Peneliti Peringatkan Worm Raspberry Robin yang Menargetkan Pengguna Windows

Raspberry Robin

Peneliti keamanan siber menarik perhatian pada gelombang serangan berkelanjutan yang terkait dengan kluster ancaman yang dilacak sebagai Raspberry Robin yang berada di belakang malware Windows dengan kemampuan seperti worm.

Menggambarkannya sebagai ancaman “terus-menerus” dan “menyebar”, Cybereason mengatakan telah mengamati sejumlah korban di Eropa.

Infeksi melibatkan worm yang menyebar melalui perangkat USB yang dapat dilepas yang berisi file .LNK berbahaya dan memanfaatkan perangkat penyimpanan terpasang jaringan (NAS) QNAP yang dikompromikan untuk perintah-dan-kontrol.

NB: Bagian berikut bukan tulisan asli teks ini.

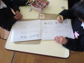 年長さんが手紙ごっこ遊びで年中さんに贈るため、年中さんも返事の名前ぐらいは書こうと、プリントになぞって練習しました。文字の勉強ではなく、自分の字に気づいてみる程度ですが、頑張っています。

Ini pertama kali didokumentasikan oleh para peneliti dari Red Canary pada Mei 2022.

Juga diberi kode worm QNAP oleh Sekoia, malware ini memanfaatkan biner penginstal Windows yang sah yang disebut “msiexec.exe” untuk mengunduh dan menjalankan perpustakaan bersama (DLL) berbahaya dari alat QNAP NAS yang disusupi.

“Untuk membuatnya lebih sulit dideteksi, Raspberry Robin memanfaatkan injeksi proses dalam tiga proses sistem Windows yang sah,” kata peneliti Cybereason Loïc Castel dalam sebuah penulisan teknis, menambahkannya “berkomunikasi dengan seluruh [the] infrastruktur melalui node keluar TOR.”

lk

Kegigihan pada mesin yang disusupi dicapai dengan membuat modifikasi Windows Registry untuk memuat muatan berbahaya melalui biner Windows “rundll32.exe” pada fase startup.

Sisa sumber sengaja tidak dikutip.